En conclusion, face à une catastrophe écologique, je pense que le seul remède consiste à engager une politique axée sur la coopération des différentes parties et surtout avec le souci permanent de l'efficacité. Tel est le contenu que devrait recouvrer, selon moi, le projet d'Eurorégion de la mer Noire pour qu'elle ne devienne pas, dans un proche avenir, une mer morte et pour qu'elle retrouve les belles couleurs de la vie! »

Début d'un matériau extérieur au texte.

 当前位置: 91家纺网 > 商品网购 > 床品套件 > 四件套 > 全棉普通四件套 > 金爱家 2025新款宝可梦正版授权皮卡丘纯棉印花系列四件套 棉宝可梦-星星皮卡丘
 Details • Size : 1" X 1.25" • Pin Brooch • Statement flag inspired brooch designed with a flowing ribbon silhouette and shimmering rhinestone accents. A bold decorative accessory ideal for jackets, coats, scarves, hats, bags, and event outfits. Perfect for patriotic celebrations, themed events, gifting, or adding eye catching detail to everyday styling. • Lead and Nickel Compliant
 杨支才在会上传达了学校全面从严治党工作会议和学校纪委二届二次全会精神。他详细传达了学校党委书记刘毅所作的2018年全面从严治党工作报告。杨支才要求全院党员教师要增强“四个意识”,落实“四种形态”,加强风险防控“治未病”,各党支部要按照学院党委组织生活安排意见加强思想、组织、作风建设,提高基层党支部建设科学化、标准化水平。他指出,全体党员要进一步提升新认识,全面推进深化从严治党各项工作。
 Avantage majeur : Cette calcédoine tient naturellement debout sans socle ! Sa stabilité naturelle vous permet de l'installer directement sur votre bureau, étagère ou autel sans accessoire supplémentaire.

À côté d'encouragements à une modernisation des systèmes d'évacuation des eaux fluviales et des installations portuaires bordant la mer Noire, la commission appelle de ses voeux la mise en oeuvre des principes du développement durable sur les côtes, tant en matière d'aménagement que de respect de l'environnement. Elle invite également les autorités concernées à mettre en oeuvre un véritable contrôle de l'industrie halieutique. Elle appuie également les conclusions des conférences organisées par le Congrès des pouvoirs locaux et régionaux du Conseil de l'Europe entre mars 2006 et juin 2007, aux termes desquelles la création d'une Eurorégion semble être la réponse la mieux adaptée à ces problèmes. Les priorités d'action comme le cadre proposé traduisent une véritable ambition pour la région. Par ailleurs, réunissant en son sein la quasi-totalité des acteurs concernés, le Conseil de l'Europe semble l'organisation internationale la plus adaptée pour parrainer un tel dispositif. L'absence d'accompagnement financier concret tempère cependant les espoirs que formule la recommandation.

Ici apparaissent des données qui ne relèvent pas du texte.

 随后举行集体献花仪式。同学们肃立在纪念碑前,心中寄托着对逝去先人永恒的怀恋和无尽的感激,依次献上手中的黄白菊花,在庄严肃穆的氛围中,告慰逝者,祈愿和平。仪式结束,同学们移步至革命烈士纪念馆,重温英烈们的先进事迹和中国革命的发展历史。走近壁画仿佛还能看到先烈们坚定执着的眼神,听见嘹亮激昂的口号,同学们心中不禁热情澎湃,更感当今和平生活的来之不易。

Créé en 1994, le Congrès des pouvoirs locaux et régionaux est l'héritier de la Conférence européenne des pouvoirs locaux réunie pour la première fois en 1953. Il représente les collectivités locales au sein du Conseil de l'Europe. Ses objectifs sont les suivants : - associer les collectivités locales aux travaux du Conseil de l'Europe ; - promouvoir la démocratie locale et régionale ; - favoriser la coopération entre collectivités locales. Ses interventions prennent deux formes : les rapports de monitoring , destinés à suivre les progrès de la démocratie locale au sein des États membres et les rapports généraux, chargés de permettre l'application de la Charte européenne de l'autonomie locale, adoptée par le Conseil en 1985 et ratifiée par la France en 2006. Des rapports d'observations d'élections locales sont également rédigés.
Il est composé de 318 membres titulaires
(318 suppléants) disposant d'un mandat électif au sein d'une
collectivité locale issue des États membres du Conseil de
l'Europe. Il se réunit trois fois par an à Strasbourg.